The accompanying drawing explanation
Fig. 1 is that the boundary-layer that in prior art, the leading edge otch causes separates schematic diagram;
Fig. 2 is CLARK-Y wing section lift efficiency in prior art;
Fig. 3 is GA (W)-1 geometric shape in the present invention;
Fig. 4 is the leading edge otch of otch aerofoil profile of the present invention;
Fig. 5 is the present invention and the contrast of wing section commonly used geometric shape;
Fig. 6 is that in the present invention, the otch aerofoil profile is installed and used schematic diagram;
Fig. 7 is otch aerofoil profile aerodynamic characteristic in the present invention;
Fig. 8 is that in the present invention, stagger angle is that 6 ° of inflation done states flow;
Fig. 9 the present invention and the contrast of traditional cruising condition wing section distribution of pressure.

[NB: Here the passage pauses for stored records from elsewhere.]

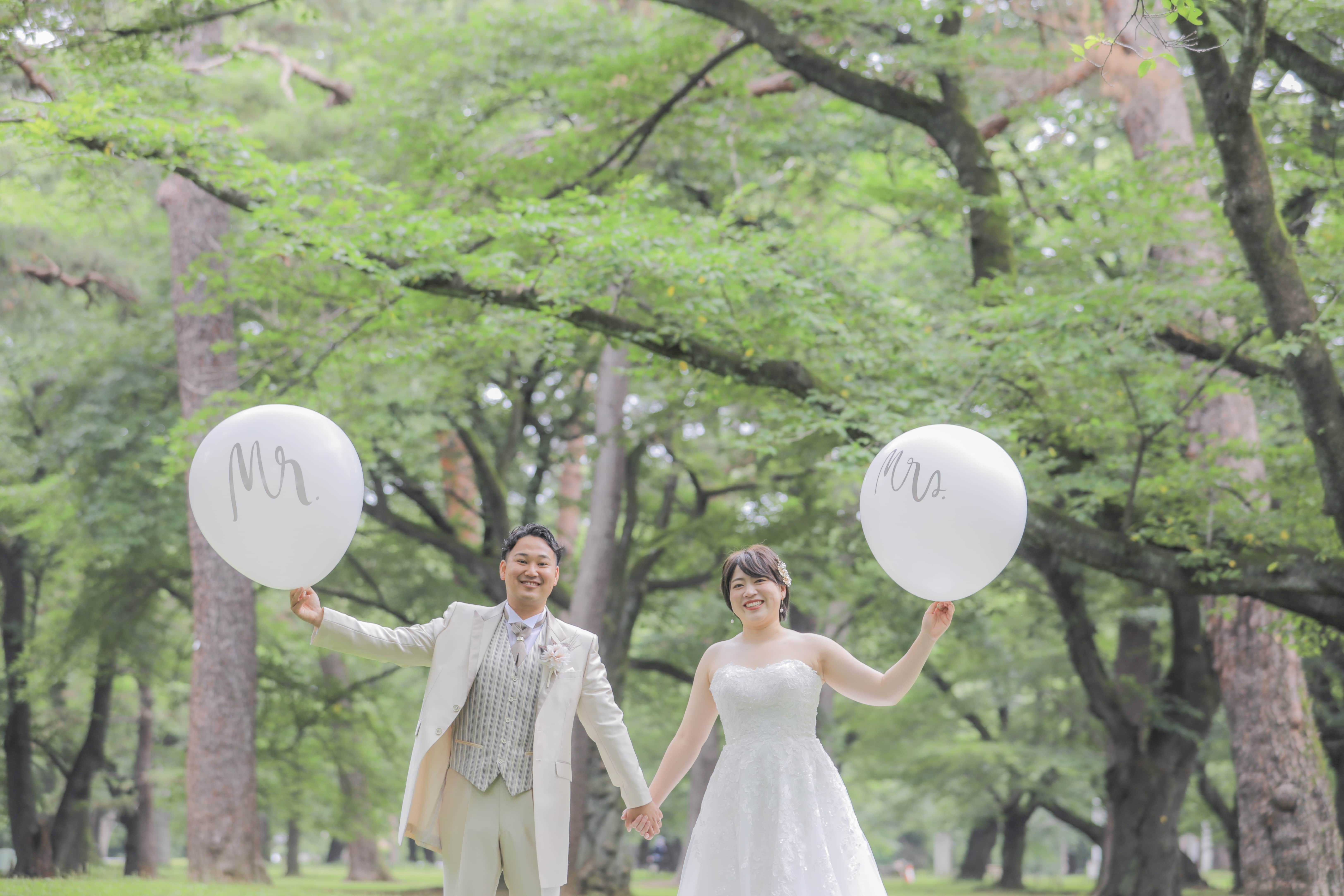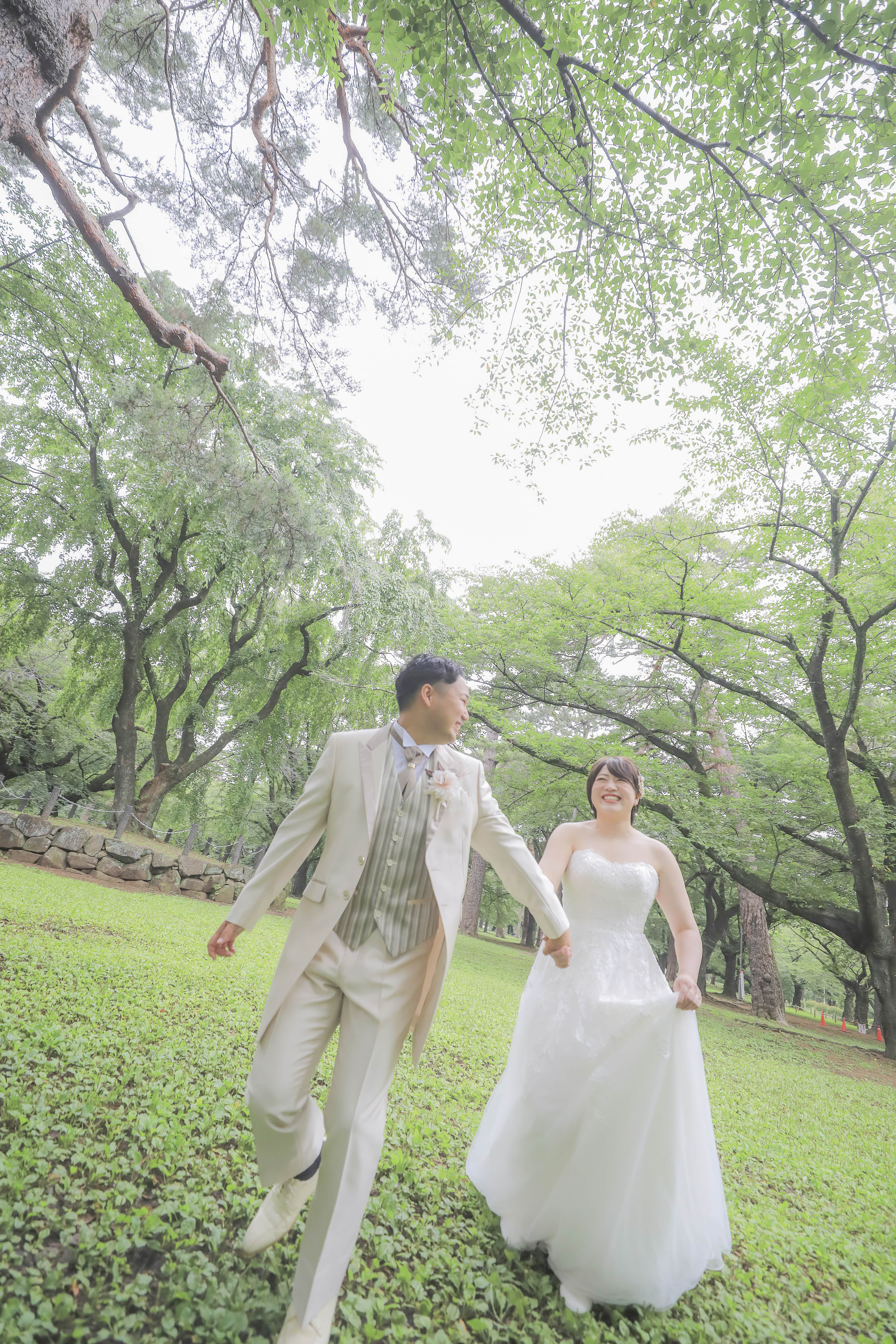 新緑が綺麗な公園でのロケーションはこの時期がいいですよ!お二人のイメージに合わせて撮影していきましょう!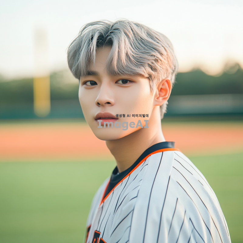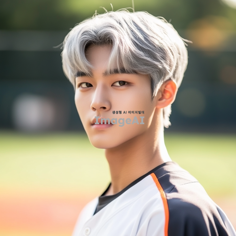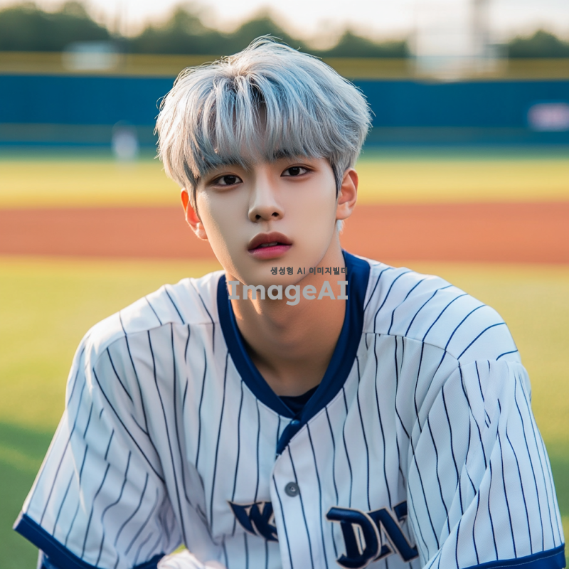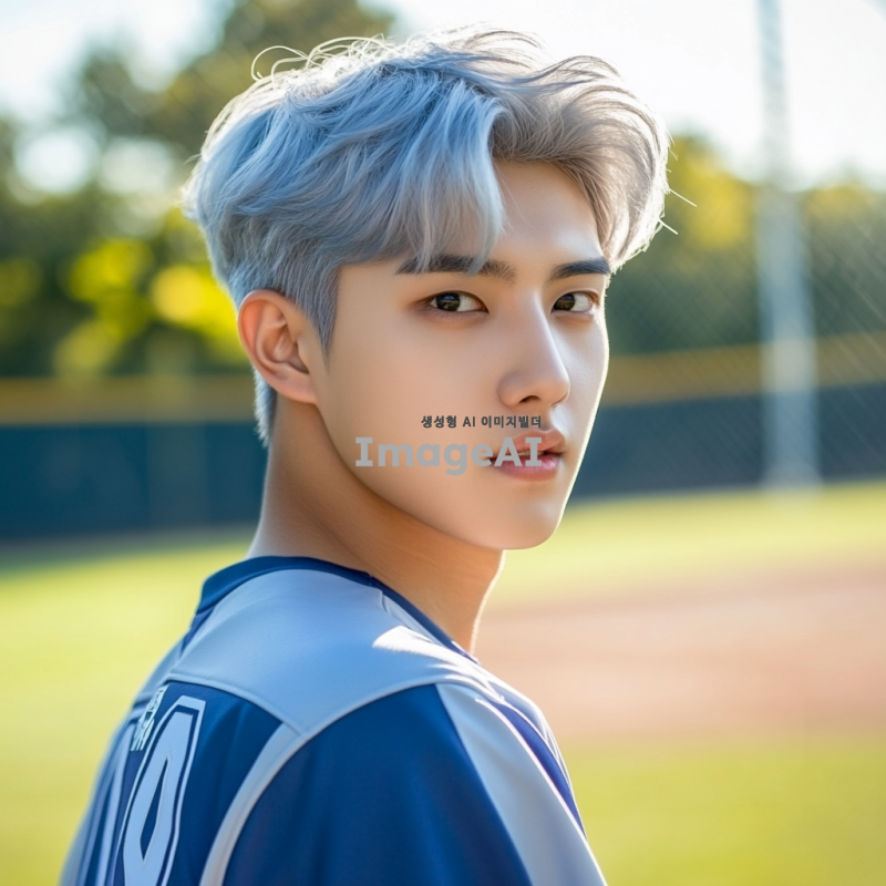 고등학교 야구부 유니폼을 입고 있는 잘생긴 한국인 남학생, 은발의 매력적인 외모, 자연스러운 포즈, 배경은 야구장, 밝고 생동감 있는 분위기, 스포츠에 대한 열정이 느껴지는 모습.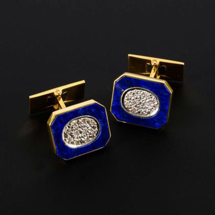 Elegant pair of cufflinks with lapis lazuli and diamonds.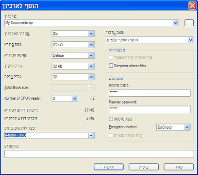 כל האפשרויות. חלון הדחיסה של התוכנה

Description of reference numerals:
11: laminar sublayer; 12: turbulent boundary layer; 21:CLARK-Y otch aerofoil profile; 22: otch aerofoil profile of the present invention; 1: parafoil leading edge otch; 2: the umbrella rope; 3: the trailing edge control wire; 4: canopy; 5: air chamber.
The specific embodiment
[embodiment 1]
As shown in Figure 6, otch aerofoil profile of the present invention is connected with unmanned aerial vehicle body by umbrella rope 2, by the steering wheel on trailing edge control wire 3 and fuselage to connecting.During inflation, air-flow, by leading edge otch 1 turnover parafoil air chamber 5, makes canopy 4 be air foil shape and keeps inflation rigidity, and after inflation finished, parafoil, horizontal by the α angle, for by steering wheel, pulling the trailing edge control wire, was realized the control to α.
[embodiment 2]
Adopt the aerodynamic characteristic after the CFD method finishes otch aerofoil profile inflation of the present invention to analyze, during reynolds number Re=0.66e+06, lift efficiency and 1ift-drag ratio characteristic are shown in accompanying drawing 7, when stagger angle α=6 °-8 °, has maximum lift-drag ratio, and the present invention is stable pitch control scope in stagger angle α=0 °-12 °.Wherein the flow characteristic when stagger angle α=6 ° is shown in accompanying drawing 8, and otch aerofoil profile distribution of pressure is shown in accompanying drawing 9.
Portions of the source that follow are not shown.